No pictures go into the copy. Write out exactly the lines below from the one containing "شرح کلی نیاز: حفر" through the one containing "through Smart Share".

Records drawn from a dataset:
==*==

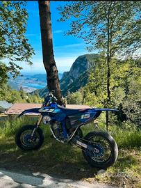 Moto in condizioni perfette. la moto è stata targata da VMRACING a maggio del 2022 -Motore appena rifatto con 35 ore all'attivo, e il tagliando sempre fatto ogni 12/15 ore. -scarico completo pro Circuit (lana del terminale sostituita al rifacimento del motore) -pacco lamellare V force 3R -filtro a pannello BMC -impianto frenante Brembo radiale, sposta pinza SP tubo in treccia accossato -piastre kite più da 200mm -mono ohlins ttx -cerchi excel motard -forcelle tarate motard -svariato carbonio su tutta la moto come: para disco posteriore, para pinza posteriore, Carter accensione, copri forcelle. -paramani procircuit la moto è in perfette condizioni mai utilizzata per fare cross. insieme cedo anche tutte le parti originali, compresi dischi e corone cross con i rispettivi cerchi. IL PREZZO È LEGGERMENTE TRATTABILE DOPO LA VISIONE
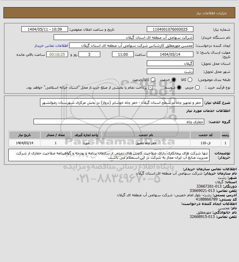 شرح کلی نیاز: حفر و تجهیز چاه در سطح استان گیلان - حفر چاه خوشابر (درواز) در بخش مرکزی شهرستان رضوانشهر
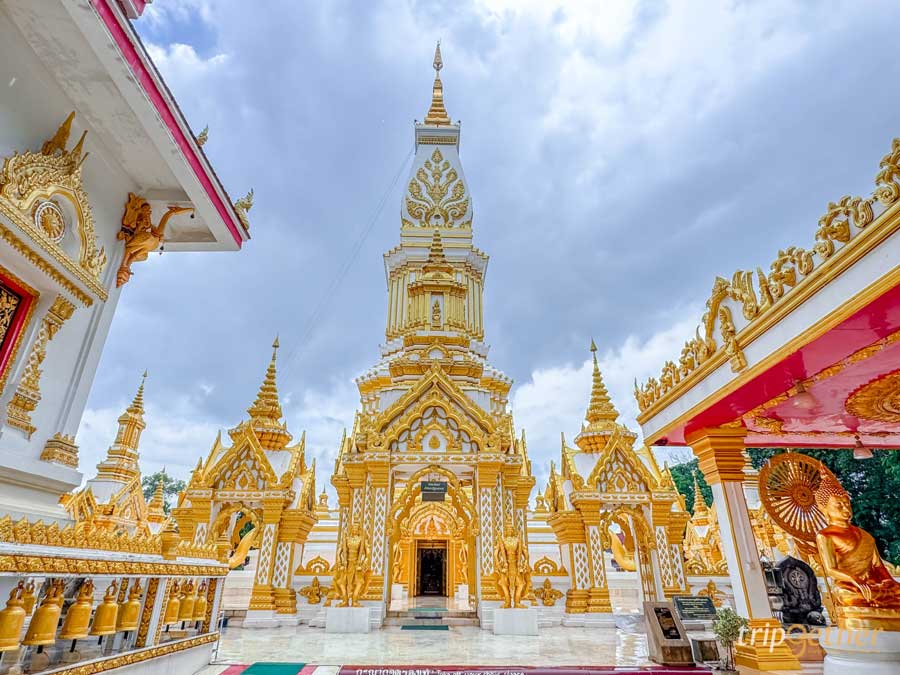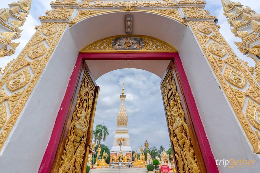 เดินทางไปต่อกันที่ วัดพระธาตุพนมวรมหาวิหาร แลนด์มาร์กศักดิ์สิทธิ์อันดับหนึ่งของชาวอีสานที่ทุกคนควรมาสักการะสักครั้งในชีวิต พระธาตุพนมประดิษฐาน พระอุรังคธาตุ หรือ พระธาตุส่วนอกขององค์พระสัมมาสัมพุทธเจ้า นอกจากนี้เป็นพระธาตุประจำปีเกิดของผู้ที่เกิด ปีวอก และประจำวันเกิดของผู้ที่เกิด วันอาทิตย์ ไฮไลท์คือเจดีย์สีขาวทองอร่ามที่สวยงาม สง่า และเปล่งประกายรับแสงแดด เป็นจุดรวมใจของผู้คนจากทั่วสารทิศที่หลั่งไหลมาขอพรไม่ขาดสาย
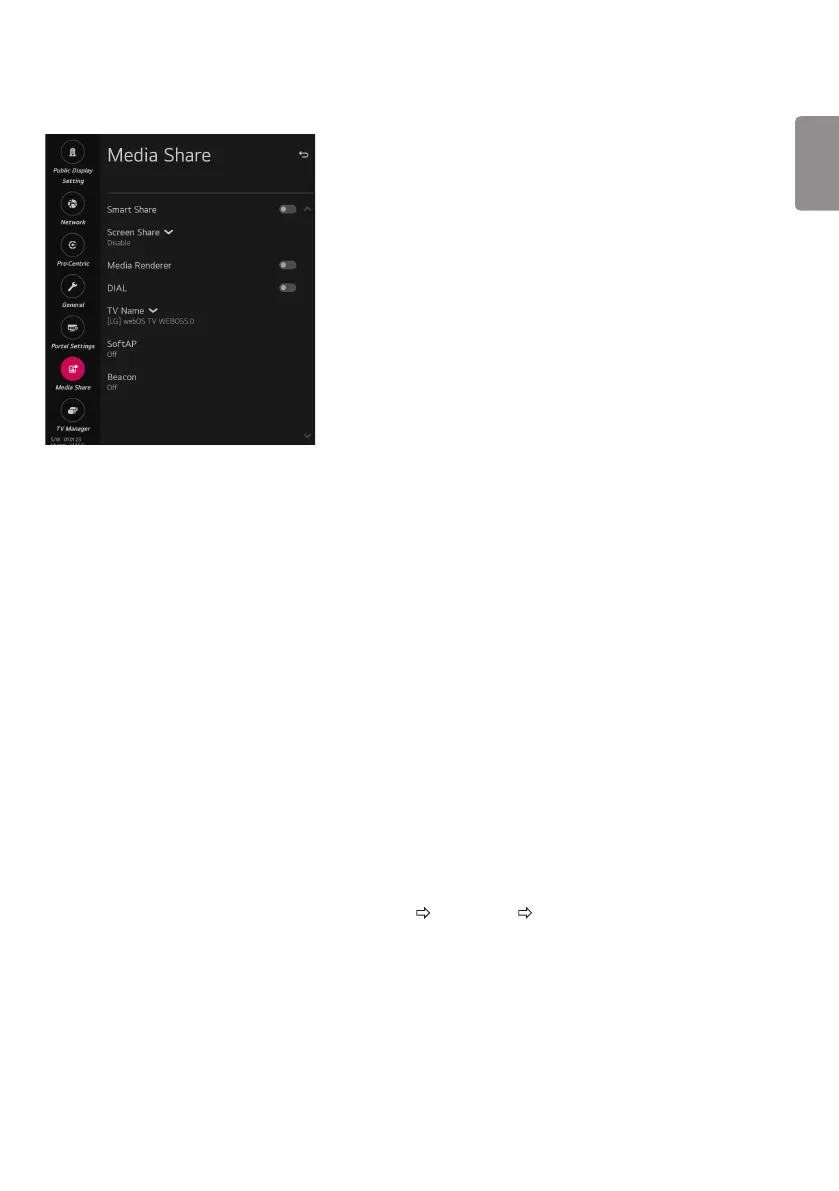 • Smart Share enables DLNA function. If this value is enabled, TV acts as Media Player and displays Media Server contents through Smart Share
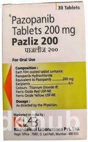 Pazopanib is a multi-targeted receptor tyrosine kinase (RTK) inhibitor that blocks the activity of several key enzymes involved in cancer cell growth and blood vessel formation (angiogenesis). Specifically, it targets vascular endothelial growth factor receptor (VEGFR)-1, -2, and -3, platelet-derived growth factor receptor (PDGFR)-α and -β, and c-Kit. By inhibiting these pathways, pazopanib helps to slow or stop the proliferation of cancer cells and reduce the blood supply to tumors, thereby impeding tumor growth and metastasis. It is primarily used in the treatment of advanced renal cell carcinoma (RCC) and advanced soft tissue sarcoma (STS) in patients who have received prior chemotherapy.

==*==

Expected output:
 شرح کلی نیاز: حفر و تجهیز چاه در سطح استان گیلان - حفر چاه خوشابر (درواز) در بخش مرکزی شهرستان رضوانشهر
 เดินทางไปต่อกันที่ วัดพระธาตุพนมวรมหาวิหาร แลนด์มาร์กศักดิ์สิทธิ์อันดับหนึ่งของชาวอีสานที่ทุกคนควรมาสักการะสักครั้งในชีวิต พระธาตุพนมประดิษฐาน พระอุรังคธาตุ หรือ พระธาตุส่วนอกขององค์พระสัมมาสัมพุทธเจ้า นอกจากนี้เป็นพระธาตุประจำปีเกิดของผู้ที่เกิด ปีวอก และประจำวันเกิดของผู้ที่เกิด วันอาทิตย์ ไฮไลท์คือเจดีย์สีขาวทองอร่ามที่สวยงาม สง่า และเปล่งประกายรับแสงแดด เป็นจุดรวมใจของผู้คนจากทั่วสารทิศที่หลั่งไหลมาขอพรไม่ขาดสาย
 • Smart Share enables DLNA function. If this value is enabled, TV acts as Media Player and displays Media Server contents through Smart Share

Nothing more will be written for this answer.